まず技術・知識のアップデートを続ける重要性です。歯科医療の世界も日進月歩で新しい治療法や材料、機器が登場しています。患者のニーズや口腔保健に関する社会の期待も変化しており、高齢になっても質の高い医療を提供し続けるには生涯にわたって最新の歯科医学を学び続ける姿勢が欠かせません。例えばデジタル技術の活用や新素材の特性、インプラントや矯正の新手法など、定期的に研修会や学会に参加してキャッチアップすることが望まれます。常に研鑽を積んでいる歯科医師であれば、年齢を重ねても患者から信頼される存在でいられるでしょう。逆に学びを怠ってしまうと、治療技術が時代遅れになったり判断力が鈍ったりして、結果的に早期リタイアを余儀なくされることもありえます。「生涯勉強」の意識で知識と技術を磨き続けることが、長く現役でいるための土台となります。
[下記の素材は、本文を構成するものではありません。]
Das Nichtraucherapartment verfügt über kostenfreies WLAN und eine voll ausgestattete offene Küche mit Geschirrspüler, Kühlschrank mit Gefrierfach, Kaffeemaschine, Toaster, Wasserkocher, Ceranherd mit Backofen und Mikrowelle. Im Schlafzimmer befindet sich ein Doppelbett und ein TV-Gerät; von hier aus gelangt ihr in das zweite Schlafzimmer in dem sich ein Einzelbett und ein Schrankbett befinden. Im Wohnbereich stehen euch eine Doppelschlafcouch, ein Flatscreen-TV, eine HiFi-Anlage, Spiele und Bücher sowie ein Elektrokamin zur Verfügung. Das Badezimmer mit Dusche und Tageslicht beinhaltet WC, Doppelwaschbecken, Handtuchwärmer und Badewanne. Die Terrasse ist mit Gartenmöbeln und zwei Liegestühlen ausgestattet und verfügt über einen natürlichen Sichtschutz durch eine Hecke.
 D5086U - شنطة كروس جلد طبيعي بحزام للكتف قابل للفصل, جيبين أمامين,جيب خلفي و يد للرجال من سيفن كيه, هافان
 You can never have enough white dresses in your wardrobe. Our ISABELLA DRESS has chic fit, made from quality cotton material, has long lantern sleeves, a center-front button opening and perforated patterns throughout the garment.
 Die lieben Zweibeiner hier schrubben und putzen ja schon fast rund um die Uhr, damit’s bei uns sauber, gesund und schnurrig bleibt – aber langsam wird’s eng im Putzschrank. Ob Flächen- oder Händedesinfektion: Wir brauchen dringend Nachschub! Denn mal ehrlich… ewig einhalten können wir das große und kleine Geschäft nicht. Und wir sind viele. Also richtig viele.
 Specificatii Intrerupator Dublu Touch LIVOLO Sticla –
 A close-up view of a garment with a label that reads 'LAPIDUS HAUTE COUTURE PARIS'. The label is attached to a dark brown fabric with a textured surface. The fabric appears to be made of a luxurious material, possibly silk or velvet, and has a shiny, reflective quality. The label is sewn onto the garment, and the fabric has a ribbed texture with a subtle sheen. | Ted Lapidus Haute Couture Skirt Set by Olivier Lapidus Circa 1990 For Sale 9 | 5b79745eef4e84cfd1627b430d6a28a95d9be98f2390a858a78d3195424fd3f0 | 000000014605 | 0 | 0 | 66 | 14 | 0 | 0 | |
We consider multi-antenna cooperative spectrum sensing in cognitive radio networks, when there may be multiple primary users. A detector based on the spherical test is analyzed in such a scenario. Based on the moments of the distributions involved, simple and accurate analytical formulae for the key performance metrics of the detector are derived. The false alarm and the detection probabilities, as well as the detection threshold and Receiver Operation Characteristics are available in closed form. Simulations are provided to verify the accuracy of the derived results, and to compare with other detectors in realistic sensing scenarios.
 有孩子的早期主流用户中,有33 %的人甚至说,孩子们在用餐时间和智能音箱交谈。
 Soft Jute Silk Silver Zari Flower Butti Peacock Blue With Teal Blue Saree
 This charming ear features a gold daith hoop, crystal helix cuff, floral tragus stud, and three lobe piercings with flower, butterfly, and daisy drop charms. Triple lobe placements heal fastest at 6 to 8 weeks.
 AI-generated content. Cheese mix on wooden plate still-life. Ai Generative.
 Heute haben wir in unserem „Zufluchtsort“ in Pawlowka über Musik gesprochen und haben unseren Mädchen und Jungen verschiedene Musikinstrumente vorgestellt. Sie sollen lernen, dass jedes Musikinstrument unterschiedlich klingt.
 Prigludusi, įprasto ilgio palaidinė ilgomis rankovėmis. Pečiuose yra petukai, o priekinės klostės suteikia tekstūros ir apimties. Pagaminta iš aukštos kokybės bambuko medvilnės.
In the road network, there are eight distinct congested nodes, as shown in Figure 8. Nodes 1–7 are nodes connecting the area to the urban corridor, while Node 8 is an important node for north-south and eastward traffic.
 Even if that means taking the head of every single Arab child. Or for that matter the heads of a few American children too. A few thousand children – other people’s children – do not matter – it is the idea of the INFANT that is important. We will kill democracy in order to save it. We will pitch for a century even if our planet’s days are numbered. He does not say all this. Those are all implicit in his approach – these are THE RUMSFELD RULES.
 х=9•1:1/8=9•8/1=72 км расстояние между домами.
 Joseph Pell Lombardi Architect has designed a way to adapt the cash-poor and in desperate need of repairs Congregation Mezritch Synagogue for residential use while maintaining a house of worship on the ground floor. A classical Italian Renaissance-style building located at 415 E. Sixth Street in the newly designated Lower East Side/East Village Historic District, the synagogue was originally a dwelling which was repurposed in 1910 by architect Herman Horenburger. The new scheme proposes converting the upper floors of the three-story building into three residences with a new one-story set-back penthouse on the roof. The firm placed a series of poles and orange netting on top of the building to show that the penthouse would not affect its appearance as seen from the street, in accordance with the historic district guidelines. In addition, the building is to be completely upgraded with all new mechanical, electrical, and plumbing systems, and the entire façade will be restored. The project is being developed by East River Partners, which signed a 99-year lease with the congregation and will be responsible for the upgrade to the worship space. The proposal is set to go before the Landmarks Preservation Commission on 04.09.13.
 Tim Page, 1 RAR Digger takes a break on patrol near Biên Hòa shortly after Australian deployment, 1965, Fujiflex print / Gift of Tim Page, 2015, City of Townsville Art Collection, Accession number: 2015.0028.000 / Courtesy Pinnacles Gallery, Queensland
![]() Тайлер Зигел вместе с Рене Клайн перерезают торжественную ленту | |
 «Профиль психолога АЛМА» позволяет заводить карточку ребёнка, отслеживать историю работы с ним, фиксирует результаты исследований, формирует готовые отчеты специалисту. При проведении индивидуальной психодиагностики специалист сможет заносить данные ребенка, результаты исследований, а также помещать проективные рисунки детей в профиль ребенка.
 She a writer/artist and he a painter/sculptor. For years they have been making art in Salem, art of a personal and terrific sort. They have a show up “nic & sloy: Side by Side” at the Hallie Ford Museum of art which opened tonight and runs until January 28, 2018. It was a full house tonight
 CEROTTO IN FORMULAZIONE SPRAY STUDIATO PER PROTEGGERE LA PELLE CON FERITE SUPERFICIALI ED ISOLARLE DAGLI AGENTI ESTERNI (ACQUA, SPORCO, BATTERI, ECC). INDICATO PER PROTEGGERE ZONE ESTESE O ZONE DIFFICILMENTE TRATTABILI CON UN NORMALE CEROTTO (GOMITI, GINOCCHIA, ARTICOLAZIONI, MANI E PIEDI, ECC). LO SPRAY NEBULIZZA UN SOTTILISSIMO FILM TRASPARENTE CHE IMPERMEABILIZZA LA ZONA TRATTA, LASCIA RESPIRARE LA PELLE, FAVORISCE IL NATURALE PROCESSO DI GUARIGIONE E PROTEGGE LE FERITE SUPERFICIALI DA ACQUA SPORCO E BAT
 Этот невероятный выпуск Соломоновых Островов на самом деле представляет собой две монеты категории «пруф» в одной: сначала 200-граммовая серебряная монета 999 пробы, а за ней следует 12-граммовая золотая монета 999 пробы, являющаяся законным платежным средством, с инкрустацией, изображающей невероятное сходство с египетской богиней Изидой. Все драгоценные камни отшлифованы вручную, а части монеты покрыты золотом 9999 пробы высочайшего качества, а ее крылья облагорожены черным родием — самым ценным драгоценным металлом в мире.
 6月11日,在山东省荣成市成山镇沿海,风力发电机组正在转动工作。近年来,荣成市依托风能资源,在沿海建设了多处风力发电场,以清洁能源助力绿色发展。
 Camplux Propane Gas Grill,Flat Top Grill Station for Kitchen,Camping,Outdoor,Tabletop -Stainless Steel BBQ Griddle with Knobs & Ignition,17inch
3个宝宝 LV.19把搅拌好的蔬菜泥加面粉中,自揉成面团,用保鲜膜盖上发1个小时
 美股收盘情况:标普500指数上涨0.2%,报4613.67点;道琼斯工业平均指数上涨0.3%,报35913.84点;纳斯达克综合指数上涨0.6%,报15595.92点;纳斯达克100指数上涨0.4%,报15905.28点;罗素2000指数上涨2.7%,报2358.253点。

次に健康管理と体力維持です。言うまでもなく、歯科医師自身の健康は患者への医療提供の質に直結します。特に高齢の歯科医師が抱えがちな腰痛・肩こり、眼精疲労などは職業病とも言えますので、日頃から身体をケアする習慣が重要です。定期的な運動やストレッチで筋力を維持し、長時間の診療に耐えうる体力づくりに努めましょう。また適切な視力補助(ルーペや拡大鏡の使用など)や診療姿勢の工夫によって、負担を軽減することも有効です。必要に応じて勤務時間や休憩の取り方を見直し、過度な疲労を蓄積させない働き方を心がけます。定期健診を受け自身の健康状態を把握するとともに、無理を感じたら適切に休む勇気も大切です。医療人としてまず自分の健康を守ることが、結果的に患者に最善を尽くすことにつながります。
最後に働き方の工夫と周囲のサポート体制づくりです。高齢になってからも第一線で働くには、若い頃と同じペース・スタイルを維持しようとせず、柔軟に働き方を調整することがポイントです。例えば開業医であれば、信頼できる副院長や勤務医、歯科衛生士に業務を分担してもらい、自身の負担を減らすことができます。診療日や診療時間を減らし、非常勤の歯科医師に一部の日を任せるのも一策です。チーム歯科医療として周囲のスタッフに助けてもらいながら、自分は要所に専念する形にシフトすれば、患者へのケアを維持しつつ自分も長く働けます。また、勤務医の立場であればフルタイム勤務にこだわらず、定年後は週に数日の非常勤勤務や嘱託勤務に切り替えることで継続就業しやすくなります。高齢者施設の嘱託歯科医など、比較的緩やかな業務内容の職場を選ぶのも体への負担を減らす方法です。さらに、歯科医師会など業界内のネットワークを広げておくことも有益でしょう。顔の広いベテラン歯科医師であれば、引退後に地域の公衆衛生活動や講師業など新たな役割で招かれるチャンスもありますし、知人の医院を手伝うといった柔軟な働き方も可能になります。周囲との繋がりを大切にし、助け合える環境を作っておくことが、結果として自分自身の職業寿命を延ばすことにつながるのです。
以上のように、歯科医師は意欲と工夫次第で何歳になっても活躍できる職業です。ただし無理は禁物であり、自身の健康や技量と相談しながら働き続けることが大前提となります。法律上の制限はなくとも、自ら“引き際”を見定める覚悟も必要です。適切な準備と自己研鑽を怠らず、サポート体制を整えることで、歯科医師として充実したキャリアを末長く継続できるでしょう。